# Complete makeover for my 30 gallon long



## spit.fire (Jan 3, 2011)

so i woke up this morning and went to turn the lights on in my tanks, everything looked fine untill i got to my cichlid tank...

temperature spiked and over half my fish are dead (so i have 4 cichlids left and a one pleco and 1 of my 2 clown loaches made it)
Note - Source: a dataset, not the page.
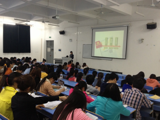 2013年4月16日晚,医公司药学系组织部组织12级青年团员在信科楼阶一举办以“学习十八大,感悟十八大”为主题的团会活动。

all my leftover fish all seem to be my fish that are pretty well tempered and didnt bother any of the other fish so im going to be putting them in my 90 gallon once i can get them used to the temperature difference

now the plan for the 30 gallon is to set it up for my angel fish *and i was wondering what is the best substrate to used for angels, i plan to have 1 pleco, and a few cories or clown loaches in with them. Im also planning on having it planted
*
i plan to use a fluval u3 combined with a fluval 105 for filtration
no co2
and a coralife dual t5?ho


----------



## gimlid (Apr 23, 2010)

if you are going to keep clown loaches, first make sure you have a group of at least 4 or 5 (they are happiest in a school and depressed in small numbers). 
They are gravel movers also so use a fine substrate and no silica sand as it will harm their mouth parts.
I used pool sand and also fine gravel with my clowns. the gravel seemed to frustrate them.


----------



## charles (Apr 21, 2010)

a 33g long is not the ideal tank for angel fish. This tank is short and angel fish is best to keep in a taller tank. Just my 2 cents.


----------



## spit.fire (Jan 3, 2011)

charles said:


> a 33g long is not the ideal tank for angel fish. This tank is short and angel fish is best to keep in a taller tank. Just my 2 cents.


its a 30gallon, same dimensions as the 29 except half an inch shorter and a few inches longer


----------



## charles (Apr 21, 2010)

sorry. I must have mis-read. I thought the title said 33g long which = 12"H.


----------